- [WHAT TO PRODUCE]: Entries below include pictures. Output exactly the lines from the one with "В рамках традиционной" down to the one with "Concept of partner, friends,collaborate", both ends included, and leave the pictures out.

- [RECORD EXTRACTS]:
'''
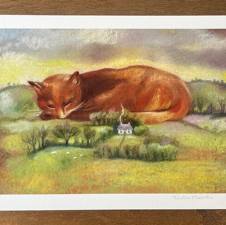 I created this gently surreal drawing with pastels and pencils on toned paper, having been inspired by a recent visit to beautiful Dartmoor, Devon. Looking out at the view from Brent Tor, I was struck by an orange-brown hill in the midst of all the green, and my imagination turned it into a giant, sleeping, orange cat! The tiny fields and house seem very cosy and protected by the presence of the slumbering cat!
'''
'''
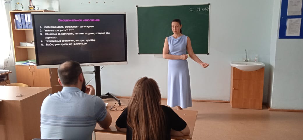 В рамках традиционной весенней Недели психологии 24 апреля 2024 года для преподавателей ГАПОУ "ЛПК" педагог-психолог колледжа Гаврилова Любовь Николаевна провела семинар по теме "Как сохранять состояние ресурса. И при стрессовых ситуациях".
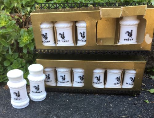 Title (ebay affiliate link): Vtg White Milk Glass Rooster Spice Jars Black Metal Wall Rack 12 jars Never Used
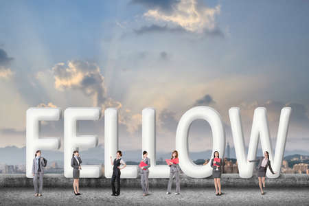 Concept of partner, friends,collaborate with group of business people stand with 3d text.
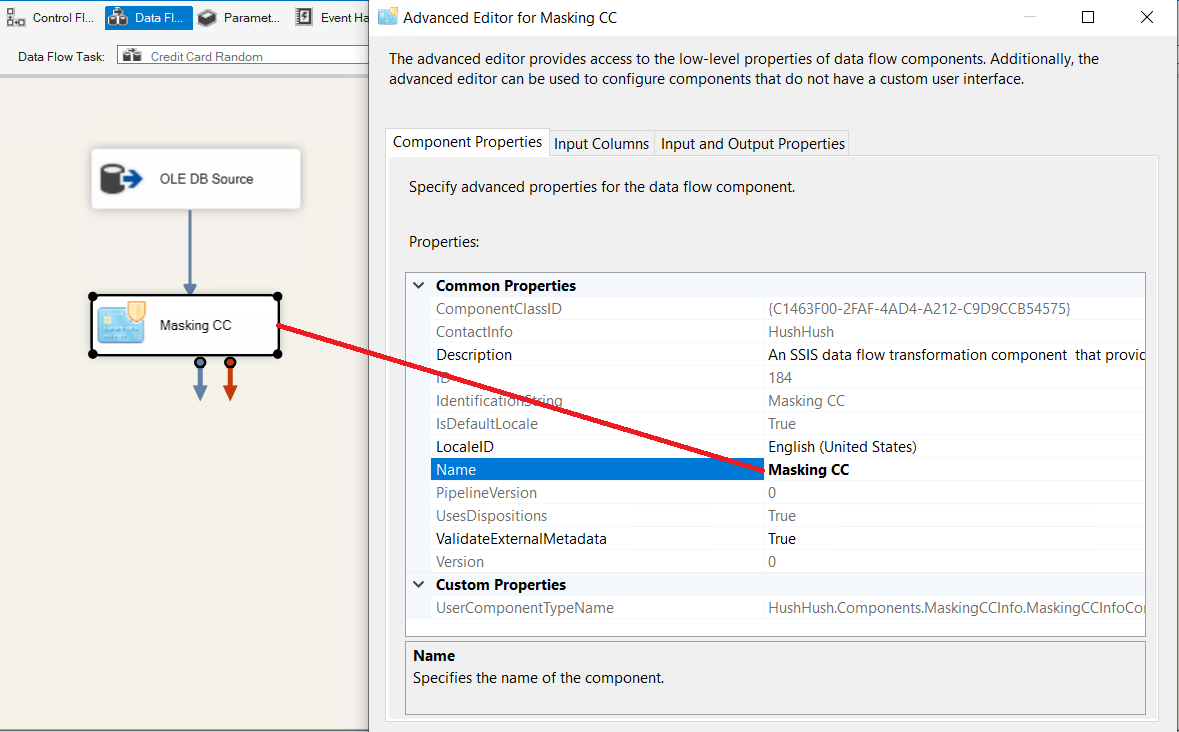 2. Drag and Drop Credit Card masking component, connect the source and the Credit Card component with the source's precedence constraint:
'''
- [SOLUTION]:
 В рамках традиционной весенней Недели психологии 24 апреля 2024 года для преподавателей ГАПОУ "ЛПК" педагог-психолог колледжа Гаврилова Любовь Николаевна провела семинар по теме "Как сохранять состояние ресурса. И при стрессовых ситуациях".
 Title (ebay affiliate link): Vtg White Milk Glass Rooster Spice Jars Black Metal Wall Rack 12 jars Never Used
 Concept of partner, friends,collaborate with group of business people stand with 3d text.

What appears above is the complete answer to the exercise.